=== WORKING DATA ===

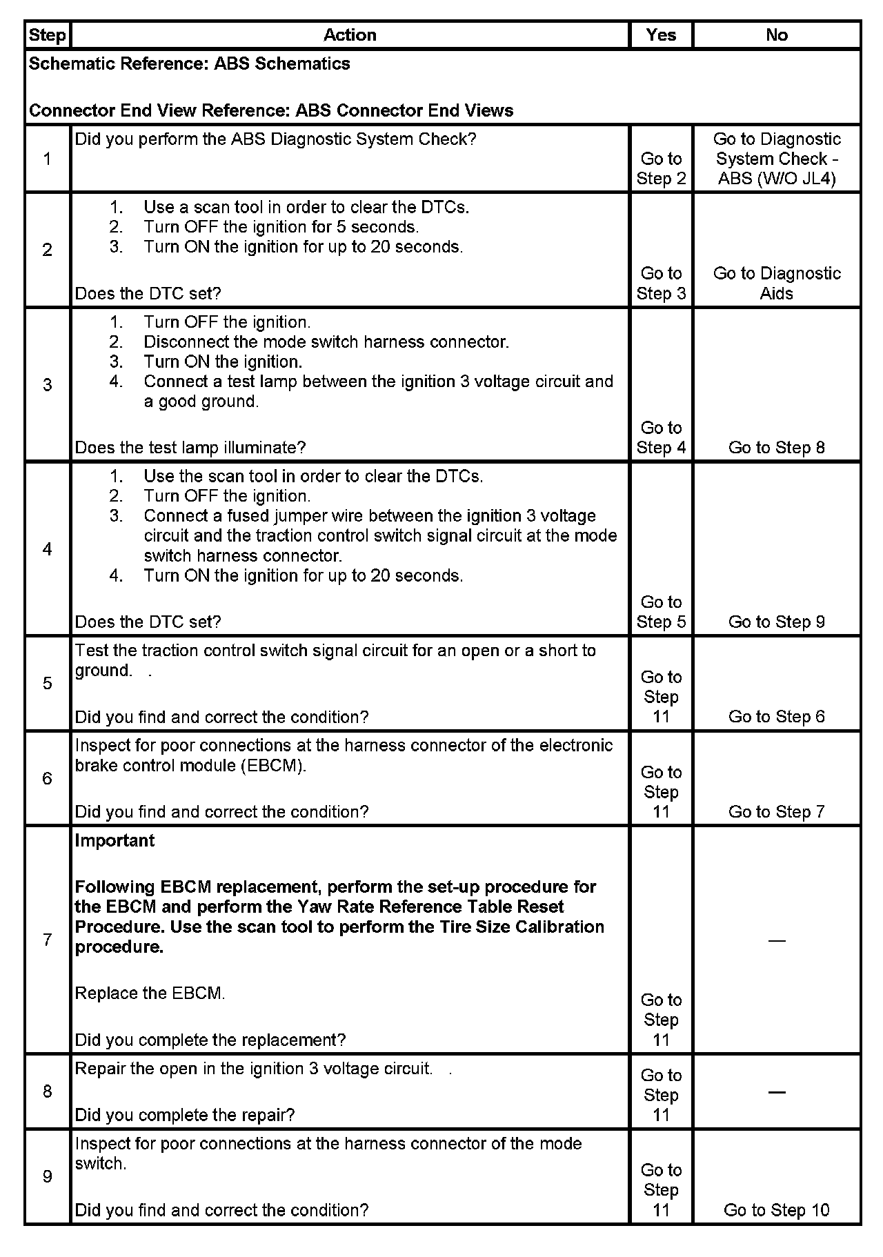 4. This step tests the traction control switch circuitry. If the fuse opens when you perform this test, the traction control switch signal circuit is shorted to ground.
---
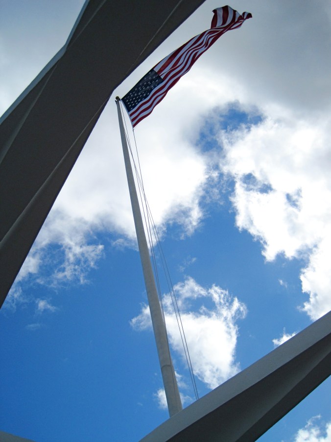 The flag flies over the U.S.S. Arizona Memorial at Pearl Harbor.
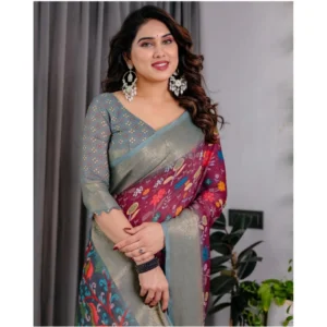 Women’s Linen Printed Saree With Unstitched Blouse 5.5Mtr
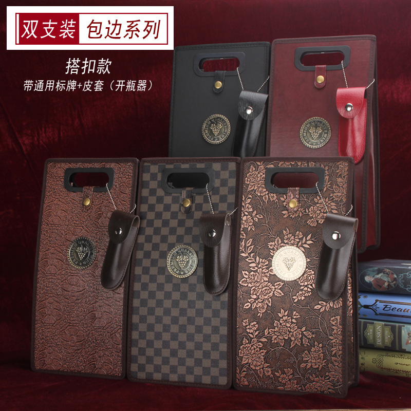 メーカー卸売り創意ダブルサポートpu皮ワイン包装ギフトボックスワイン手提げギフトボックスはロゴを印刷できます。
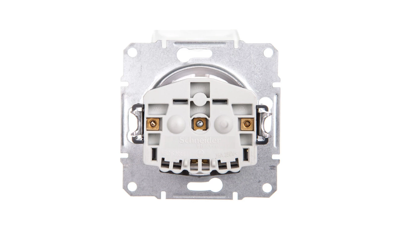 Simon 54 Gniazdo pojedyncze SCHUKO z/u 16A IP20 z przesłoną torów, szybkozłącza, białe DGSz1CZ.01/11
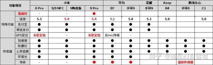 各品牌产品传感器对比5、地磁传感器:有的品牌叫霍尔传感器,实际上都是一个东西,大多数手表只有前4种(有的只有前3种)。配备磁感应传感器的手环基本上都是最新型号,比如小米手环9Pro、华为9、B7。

=== WHAT YOU ARE ASKED TO DO ===
Go to the line above holding "The flag flies", then copy exactly each line down to and including the one holding "各品牌产品传感器对比5、地磁", leaving pictures out.

=== SOLUTION TO THIS PROBLEM ===
 The flag flies over the U.S.S. Arizona Memorial at Pearl Harbor.
 Women’s Linen Printed Saree With Unstitched Blouse 5.5Mtr
 メーカー卸売り創意ダブルサポートpu皮ワイン包装ギフトボックスワイン手提げギフトボックスはロゴを印刷できます。
 Simon 54 Gniazdo pojedyncze SCHUKO z/u 16A IP20 z przesłoną torów, szybkozłącza, białe DGSz1CZ.01/11
 各品牌产品传感器对比5、地磁传感器:有的品牌叫霍尔传感器,实际上都是一个东西,大多数手表只有前4种(有的只有前3种)。配备磁感应传感器的手环基本上都是最新型号,比如小米手环9Pro、华为9、B7。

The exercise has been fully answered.